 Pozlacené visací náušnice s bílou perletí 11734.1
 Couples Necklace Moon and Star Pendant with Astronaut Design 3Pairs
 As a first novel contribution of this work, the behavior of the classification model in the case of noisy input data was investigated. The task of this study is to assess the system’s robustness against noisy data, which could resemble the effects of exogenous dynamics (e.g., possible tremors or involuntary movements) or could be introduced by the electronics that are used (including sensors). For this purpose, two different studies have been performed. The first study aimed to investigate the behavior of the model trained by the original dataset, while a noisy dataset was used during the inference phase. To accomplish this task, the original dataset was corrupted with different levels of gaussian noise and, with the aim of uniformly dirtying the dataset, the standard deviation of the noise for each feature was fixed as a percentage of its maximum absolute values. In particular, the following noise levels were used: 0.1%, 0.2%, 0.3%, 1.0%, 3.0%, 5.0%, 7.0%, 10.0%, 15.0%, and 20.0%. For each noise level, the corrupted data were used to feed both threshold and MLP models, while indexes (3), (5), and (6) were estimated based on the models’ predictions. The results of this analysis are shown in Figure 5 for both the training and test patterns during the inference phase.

Exercise requirements | All lines from the first line of the listing above through the line containing "Couples Necklace Moon" are to be retyped exactly. Leave out any other line.

Result of this task |
 Pozlacené visací náušnice s bílou perletí 11734.1
 Couples Necklace Moon and Star Pendant with Astronaut Design 3Pairs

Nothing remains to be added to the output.